A structured set of objections, weighed in public.

Desk editor's note, referee report, simulated authors' rebuttal, and a circularity audit. Tearing a paper down is the easy half of reading it; the pith above is the substance, this is the friction.

Desk Editor's Note private letter to a colleague

SkillLens adds a workable adaptive verifier and hierarchy on top of skill libraries with some benchmark gains, but the sublinear cost claim rests on an untested sparse mismatch assumption.

read the letter

SkillLens organizes skills into a four-layer graph of policies, strategies, procedures, and primitives, then uses semantic retrieval followed by degree-corrected random walk expansion and a verifier that picks accept, decompose, rewrite, or skip for each piece.
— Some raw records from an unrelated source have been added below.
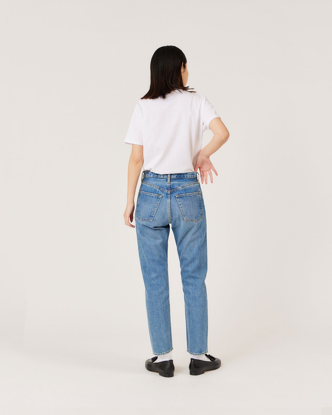 ウエスト位置をジャストで履けるシルエットに。ハイでもロウでもない、履きやすいバランスのデニムに仕上げました。
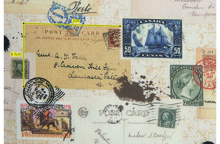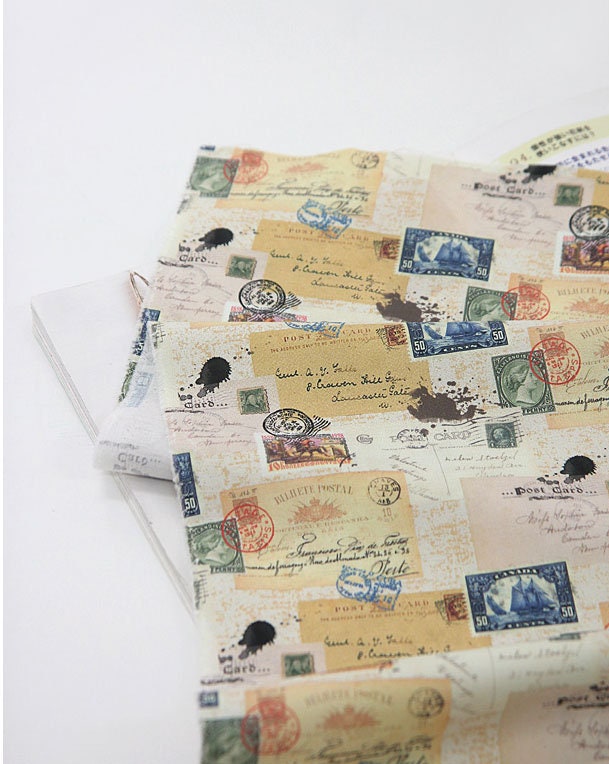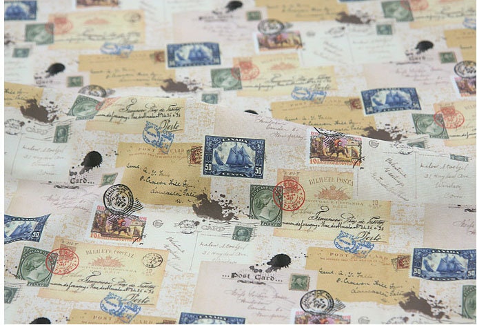 Vintage Modern Antique Postage Stamp Fabric - Korean Fabric
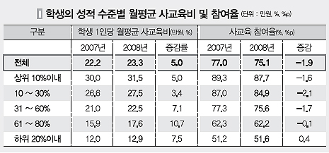 소득수준별로도 월 700만원 이상 가정의 1인당 월 사교육비는 47만 4000원인 반면 월 100만~200만원 가정은 10만 8000원, 월 100만원 미만 계층은 5만 4000원에 불과했다.
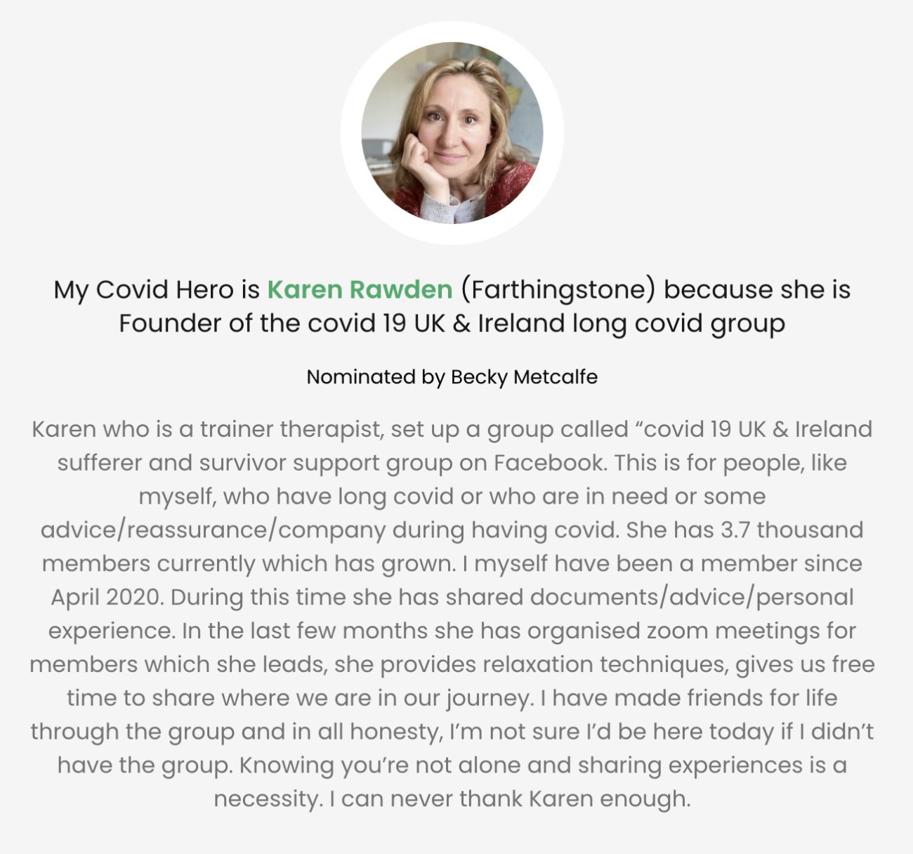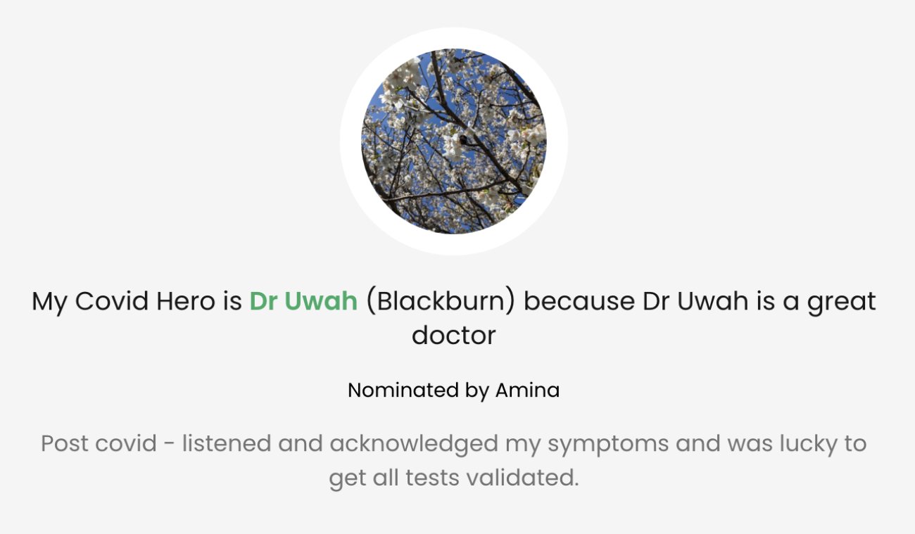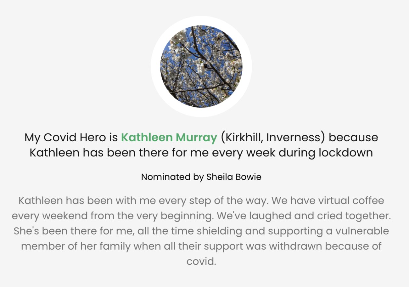 Each post includes a personalised message of thanks to the nominated Covid Hero with an optional photo attached. The posts then appear on the #CovidHeroes section of our website. Click here to nominate your Covid hero!
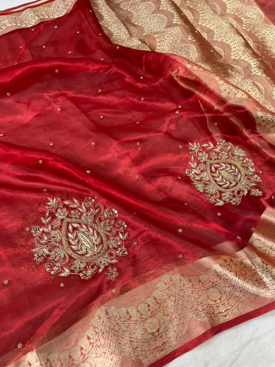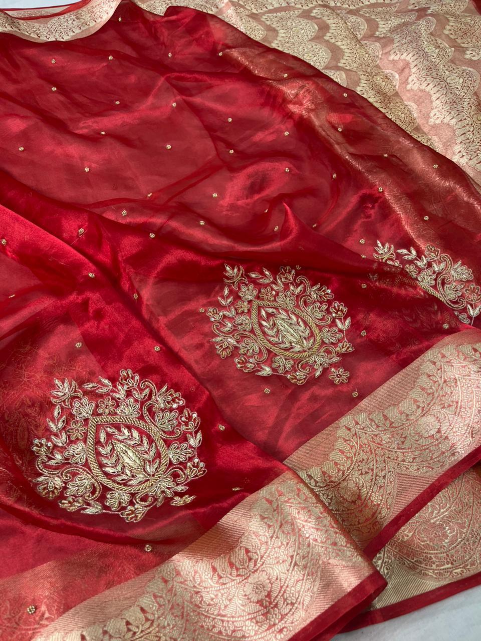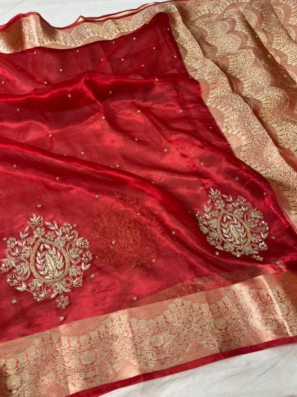 Dry Clean Only! To preserve the high-luster metallic sheen of the pure tissue silk and protect the delicate Zardozi and Aari hand-embroidery, strictly dry clean and store folded in a breathable muslin bag.
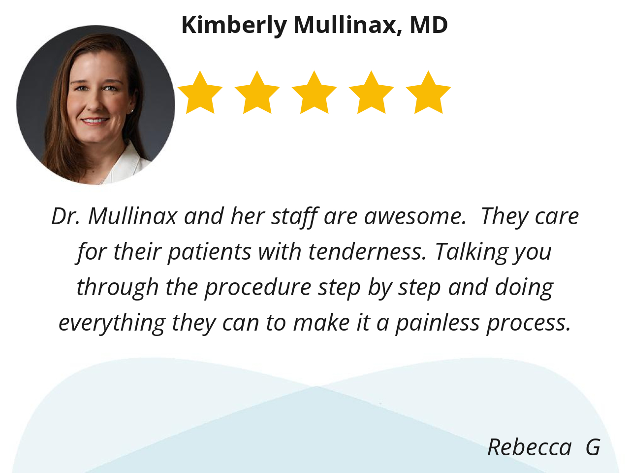 Dr. Mullinax and her staff are awesome. They care for their patients with tenderness. Talking you through the procedure step by step and doing everything they can to make it a painless process.
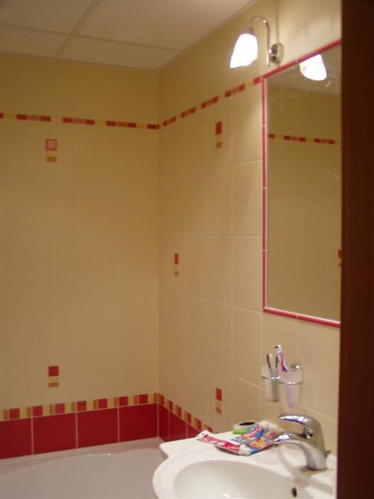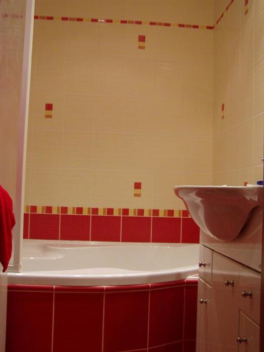 Rekonstrukce bytového jádra v panelovém domě. Byt o velikosti 3+1. Koupelna a WC obloženo obkladem Bonsa. Koupelnu s WC na klíč jsme stavěli v Praze Chodov.
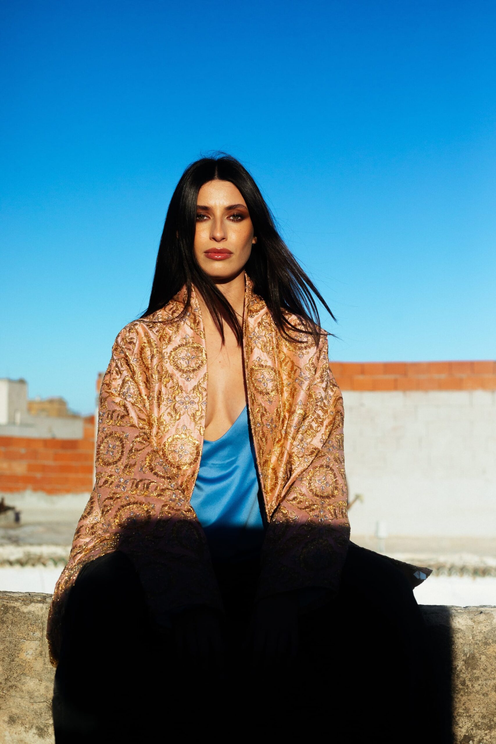 Tissu rose poudré ou pêche, orné de broderies ton sur ton et dorées d’une finesse exquise. Motifs orientaux et floraux en fil d’or, créant une texture riche qui scintille subtilement à la lumière. Coupe ample et ouverte, polyvalente et confortable, alliant décontraction et sophistication. S’associe parfaitement à un top en soie ou satin bleu ciel pour un contraste élégant et moderne.
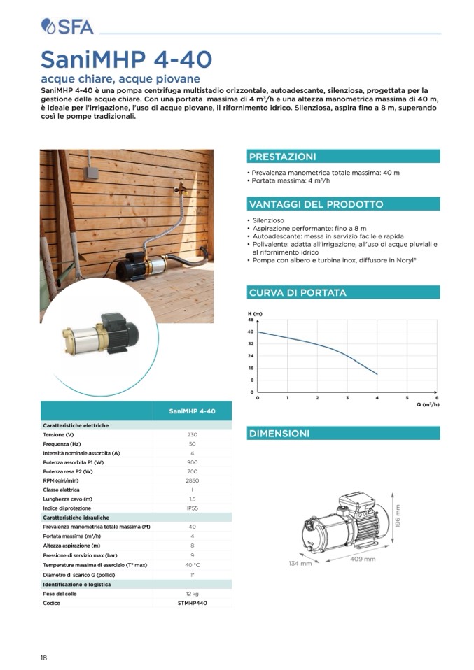 SaniMHP 4-40 è una pompa centrifuga multistadio orizzontale, autoadescante, silenziosa, progettata per la
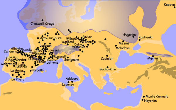 - Азия: пещеры близ Мароса на Сулавеси и южнокорейская пещера Туробон содержат изображения, созданные ок. 40 тыс. лет назад[21][22];
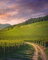 Langhe wijngaarden bij zonsondergang, Barolo en La Morra dorpen op de achtergrond, Unesco Werelderfgoed, regio Piemonte. Italië, Europa.
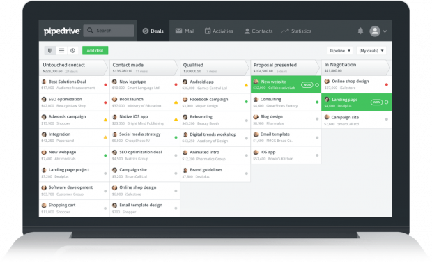 Mit Pipedrive und für zehn US-Dollar monatlich haben Startups ihre Sales immer im Blick. Das CRM setzt vor allem auf eine „Pipeline“ genannte Verkaufsansicht, die alle Kundengeschäfte chronologisch nach ihrem Verkaufsstatus anzeigt. Neben Verkaufsanalysen pro Mitarbeiter werden die notwendigen Kundenkontakte aus externen Diensten wie Google Maps, Calendar oder Drive abgezapft. Somit kann auch der Versand von E-Mails und Rechnungen aus Pipedrive heraus erfolgen.
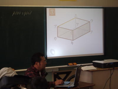 最後はパワーポイントとプロジェクターを利用して、答え合わせを行いました。(写真下)

The evolutionary update to both the skills and the verifier is meant to improve routing over time. That specific mix of mixed-granularity routing plus local adaptation is the clearest new element relative to flat skill libraries in prior agent work. The reported results are straightforward: up to 6.31 points higher Acc@1 on bug localization and success rate rising from 45% to 51.31% on ALFWorld, which shows the approach can help on the tested tasks. The paper does a reasonable job laying out the retrieval and decision flow in plain terms. The main weakness is that the sublinear cost guarantee depends on the sparse mismatch assumption, yet the work does not report measured mismatch rates or densities on MuLocbench or ALFWorld. Without that data, it is hard to know whether the random-walk plus verifier overhead stays below the cost of full rewriting when mismatches are more common. Details on how the verifier is trained and what the validation objective actually optimizes are also missing from the description, so the monotonic improvement claim cannot be checked directly. This paper is aimed at people building LLM agents for software or embodied tasks who already use skill libraries and want a more selective reuse mechanism. A practitioner or applied researcher would get concrete ideas from the architecture and the numbers, even if they would want to test the cost assumption themselves. I would send it to peer review because the mechanism is concrete enough to be worth checking with full details and any added experiments on mismatch frequency.

Referee Report

2 major / 2 minor

Summary. The manuscript introduces SkillLens, a hierarchical skill-evolution framework for LLM agents. Skills are organized into a four-layer graph (policies, strategies, procedures, primitives). Given a task, the system retrieves semantically relevant seeds, expands them via degree-corrected random walk, and applies a verifier to decide acceptance, decomposition, rewriting, or skipping of components. It further employs an evolutionary update to refine skills and the verifier over time. The paper claims that mixed-granularity adaptation incurs sublinear cost under sparse mismatch assumptions, that the evolutionary rule monotonically improves the validation objective until a local optimum, and that the approach yields empirical gains (up to 6.31 pp Acc@1 on bug localization; agent success rate rising from 45.00% to 51.31%) over skill-based baselines on MuLocbench and ALFWorld.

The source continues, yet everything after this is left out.